To some extent, the survival time of the futures market has nothing to do with the scale of funds, but has a great relationship with the leverage of funds. If a person's futures leverage is high, even if this person's funds are large, this person may explode at any time because of market problems. The futures market itself is very risky. I personally don't recommend retail investors to participate in the futures market.
First, small funds need to reduce leverage as much as possible.
For those funds with more than twice the leverage, no matter how much money a person has, this person is very likely to explode. The fluctuation of the futures market seems very small, but there will be very large fluctuations in extreme market conditions, which will directly lead to many people being short positions because of the drastic fluctuations in the market. Because the futures market is more uncertain, some people will regard the futures market as a place to make a fortune, but it may also make many people lose their blood.
Second, the survival time of the futures market is not necessarily related to the amount of funds.
If you want a person to survive in the futures market for a long time, the easiest way is to reduce leverage and then increase margin.

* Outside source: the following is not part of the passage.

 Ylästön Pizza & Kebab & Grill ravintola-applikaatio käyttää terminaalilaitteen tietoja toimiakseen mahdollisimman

When the margin balance of the account is very abundant, this person can resist the relatively extreme market, but this does not guarantee that a person is foolproof in the futures market.

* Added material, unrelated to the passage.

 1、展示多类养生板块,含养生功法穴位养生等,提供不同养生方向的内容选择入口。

3. What is my personal suggestion?
Personally, I don't recommend you to participate in the so-called speculative investment in the futures market, because the risk of the futures market itself is great. If you count the lever, many people may explode in just a few minutes. If a person's self-definition is small, he needs to control his own investment risks, and never have a so-called small and wide investment plot, because this idea is likely to make his small funds go to waste.